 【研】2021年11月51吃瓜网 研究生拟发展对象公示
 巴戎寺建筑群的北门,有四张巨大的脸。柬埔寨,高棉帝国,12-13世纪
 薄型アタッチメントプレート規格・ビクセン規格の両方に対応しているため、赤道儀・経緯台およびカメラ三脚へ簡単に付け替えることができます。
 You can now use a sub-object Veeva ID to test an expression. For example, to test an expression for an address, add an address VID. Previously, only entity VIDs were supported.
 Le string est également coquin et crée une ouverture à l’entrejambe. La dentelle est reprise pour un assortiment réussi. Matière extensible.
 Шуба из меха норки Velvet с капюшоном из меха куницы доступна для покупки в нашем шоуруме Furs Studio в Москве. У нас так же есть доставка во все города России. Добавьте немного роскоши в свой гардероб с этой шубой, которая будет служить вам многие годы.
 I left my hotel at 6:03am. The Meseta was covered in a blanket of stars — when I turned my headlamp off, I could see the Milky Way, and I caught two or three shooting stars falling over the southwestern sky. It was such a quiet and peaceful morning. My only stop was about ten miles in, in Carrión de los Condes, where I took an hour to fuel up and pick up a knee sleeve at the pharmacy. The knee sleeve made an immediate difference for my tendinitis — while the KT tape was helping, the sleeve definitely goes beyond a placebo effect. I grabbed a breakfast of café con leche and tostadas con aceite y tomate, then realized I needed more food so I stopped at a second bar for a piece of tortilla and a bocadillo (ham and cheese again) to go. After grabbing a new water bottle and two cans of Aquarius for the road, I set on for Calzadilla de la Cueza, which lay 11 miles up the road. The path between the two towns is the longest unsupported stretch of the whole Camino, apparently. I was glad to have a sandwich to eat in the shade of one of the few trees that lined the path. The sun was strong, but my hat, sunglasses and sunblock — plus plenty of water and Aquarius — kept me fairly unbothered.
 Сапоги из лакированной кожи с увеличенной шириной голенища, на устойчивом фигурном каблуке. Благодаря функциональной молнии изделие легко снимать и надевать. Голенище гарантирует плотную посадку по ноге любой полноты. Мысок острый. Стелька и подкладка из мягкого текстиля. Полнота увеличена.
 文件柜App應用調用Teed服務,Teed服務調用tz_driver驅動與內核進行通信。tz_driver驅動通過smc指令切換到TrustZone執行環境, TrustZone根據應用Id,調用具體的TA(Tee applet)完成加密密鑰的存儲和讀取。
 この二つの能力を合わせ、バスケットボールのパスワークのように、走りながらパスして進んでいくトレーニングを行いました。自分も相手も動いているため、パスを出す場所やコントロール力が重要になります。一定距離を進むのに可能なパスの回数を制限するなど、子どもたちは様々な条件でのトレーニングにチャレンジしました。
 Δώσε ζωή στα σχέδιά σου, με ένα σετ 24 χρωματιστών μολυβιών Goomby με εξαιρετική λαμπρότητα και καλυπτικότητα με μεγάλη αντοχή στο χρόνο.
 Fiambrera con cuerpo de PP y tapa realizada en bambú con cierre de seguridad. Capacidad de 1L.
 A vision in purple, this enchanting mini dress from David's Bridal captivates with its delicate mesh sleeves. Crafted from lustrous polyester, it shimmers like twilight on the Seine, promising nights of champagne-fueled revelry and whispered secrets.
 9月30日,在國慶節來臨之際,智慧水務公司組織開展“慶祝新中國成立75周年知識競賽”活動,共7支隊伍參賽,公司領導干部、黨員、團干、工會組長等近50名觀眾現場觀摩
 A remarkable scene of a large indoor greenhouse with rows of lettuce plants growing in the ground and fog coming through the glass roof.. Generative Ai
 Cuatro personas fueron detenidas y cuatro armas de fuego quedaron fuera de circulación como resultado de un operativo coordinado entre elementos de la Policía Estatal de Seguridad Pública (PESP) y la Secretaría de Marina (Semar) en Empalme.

------------------------------------

Problem requirements:
Of the entries listed above, reproduce only the lines starting at the line containing "巴戎寺建筑群的北门,有四张巨大的脸。柬埔寨,高棉帝国,12-13世纪" and ending at the line containing "Шуба из меха". Include both, exactly as they stand.

Response to the exercise:
 巴戎寺建筑群的北门,有四张巨大的脸。柬埔寨,高棉帝国,12-13世纪
 薄型アタッチメントプレート規格・ビクセン規格の両方に対応しているため、赤道儀・経緯台およびカメラ三脚へ簡単に付け替えることができます。
 You can now use a sub-object Veeva ID to test an expression. For example, to test an expression for an address, add an address VID. Previously, only entity VIDs were supported.
 Le string est également coquin et crée une ouverture à l’entrejambe. La dentelle est reprise pour un assortiment réussi. Matière extensible.
 Шуба из меха норки Velvet с капюшоном из меха куницы доступна для покупки в нашем шоуруме Furs Studio в Москве. У нас так же есть доставка во все города России. Добавьте немного роскоши в свой гардероб с этой шубой, которая будет служить вам многие годы.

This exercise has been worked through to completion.